INFORMATION –
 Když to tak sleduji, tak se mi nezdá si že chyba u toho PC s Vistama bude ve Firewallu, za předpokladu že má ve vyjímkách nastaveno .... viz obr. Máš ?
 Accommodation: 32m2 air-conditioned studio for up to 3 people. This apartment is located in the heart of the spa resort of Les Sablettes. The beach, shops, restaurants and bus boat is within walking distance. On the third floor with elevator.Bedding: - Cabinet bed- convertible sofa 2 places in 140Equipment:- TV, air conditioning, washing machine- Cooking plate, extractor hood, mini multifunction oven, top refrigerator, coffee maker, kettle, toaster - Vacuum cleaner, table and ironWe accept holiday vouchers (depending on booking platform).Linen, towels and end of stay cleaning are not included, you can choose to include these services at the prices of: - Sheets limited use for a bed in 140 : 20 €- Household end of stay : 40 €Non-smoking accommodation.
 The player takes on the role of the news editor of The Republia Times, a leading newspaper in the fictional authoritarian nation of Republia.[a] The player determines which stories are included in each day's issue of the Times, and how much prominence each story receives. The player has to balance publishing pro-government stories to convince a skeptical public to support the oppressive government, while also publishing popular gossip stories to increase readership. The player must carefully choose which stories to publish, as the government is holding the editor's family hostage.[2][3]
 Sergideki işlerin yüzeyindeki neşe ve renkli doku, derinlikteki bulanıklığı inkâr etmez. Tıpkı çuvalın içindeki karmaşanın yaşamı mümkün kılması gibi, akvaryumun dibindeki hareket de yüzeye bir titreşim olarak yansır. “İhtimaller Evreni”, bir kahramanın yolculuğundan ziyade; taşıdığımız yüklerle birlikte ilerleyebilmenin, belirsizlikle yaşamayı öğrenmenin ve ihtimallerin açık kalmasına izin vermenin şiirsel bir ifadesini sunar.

---

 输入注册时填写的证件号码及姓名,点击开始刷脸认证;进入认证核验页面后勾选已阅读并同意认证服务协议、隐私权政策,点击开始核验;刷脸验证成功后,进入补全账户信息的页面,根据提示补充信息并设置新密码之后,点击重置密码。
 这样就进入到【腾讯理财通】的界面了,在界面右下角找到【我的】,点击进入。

PROBLEM TO SOLVE – Please give back, exactly as it stands above, the stretch from the line with "Když to tak" through the line with "The player takes", and no line outside it.

TASK ANSWER –
 Když to tak sleduji, tak se mi nezdá si že chyba u toho PC s Vistama bude ve Firewallu, za předpokladu že má ve vyjímkách nastaveno .... viz obr. Máš ?
 Accommodation: 32m2 air-conditioned studio for up to 3 people. This apartment is located in the heart of the spa resort of Les Sablettes. The beach, shops, restaurants and bus boat is within walking distance. On the third floor with elevator.Bedding: - Cabinet bed- convertible sofa 2 places in 140Equipment:- TV, air conditioning, washing machine- Cooking plate, extractor hood, mini multifunction oven, top refrigerator, coffee maker, kettle, toaster - Vacuum cleaner, table and ironWe accept holiday vouchers (depending on booking platform).Linen, towels and end of stay cleaning are not included, you can choose to include these services at the prices of: - Sheets limited use for a bed in 140 : 20 €- Household end of stay : 40 €Non-smoking accommodation.
 The player takes on the role of the news editor of The Republia Times, a leading newspaper in the fictional authoritarian nation of Republia.[a] The player determines which stories are included in each day's issue of the Times, and how much prominence each story receives. The player has to balance publishing pro-government stories to convince a skeptical public to support the oppressive government, while also publishing popular gossip stories to increase readership. The player must carefully choose which stories to publish, as the government is holding the editor's family hostage.[2][3]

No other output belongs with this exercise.